Investigation of the asymmetric distributions of RF transmission and reception fields at high static field.

When radiofrequency (RF) transmission field represents B(1)(+), the reception field represents B(1)(-)*. The distribution of those maps demonstrates asymmetric features at high field magnetic resonance (MR) imaging. Both maps are in mirror symmetry to one another. Almost symmetric distribution of the B(1) field was expected on the laboratory frame in a symmetric sample loaded inside the RF coil designed to achieve a homogeneous B(1) field.

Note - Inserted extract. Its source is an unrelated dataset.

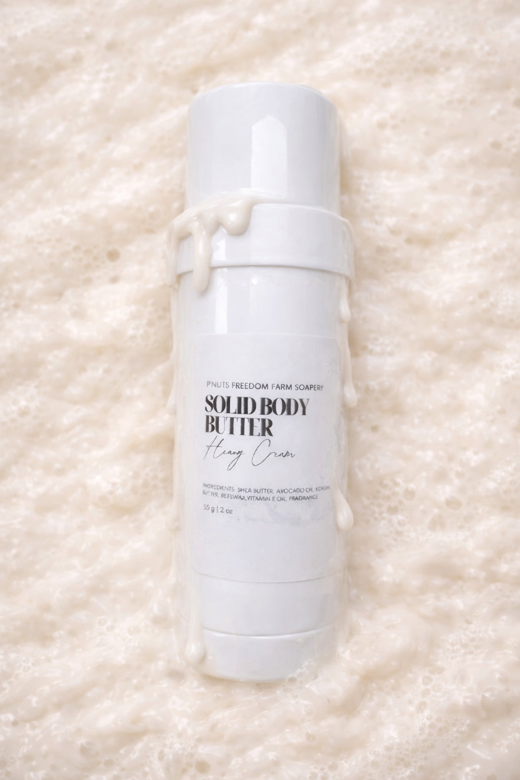 Our solid body butter stick is a skin-loving blend of goat milk, shea butter, almond oil, and vitamin E — packed into a convenient, mess-free twist tube. It melts on contact, gliding smoothly to deeply moisturize even the driest winter skin.

Then, a simple change was made in the coordinate transformation equation of RF fields between the rotating and laboratory frames in both linear and quadrature modes to investigate the source of this feature of asymmetry. The magnitude of rotating frame components, B(1)(+) and B(1)(-), consists of the magnitude and the phase difference of the laboratory frame components. The rotating frame components differ in the sign of the sinusoidal phase difference. B(1)(+) is equal to B(1)(-) at lower field because phase changes that depend on position can be ignored. At higher fields, the magnitude component has a symmetric profile, and distribution in the phase component is antisymmetric. Thus, the distributions of B(1)(+) and B(1)(-) maps demonstrate mirror symmetry. Maps of magnitude and phase components were examined in the laboratory frame. Their maps were computed from B(1)(+) and B(1)(-) maps of the human brain and of a spherical saline phantom measured at 4.7T. It was concluded from these analytical and experimental results that the asymmetric and mirror symmetric distributions in B(1)(+) and B(1)(-) are derived from the phase difference in the laboratory frame.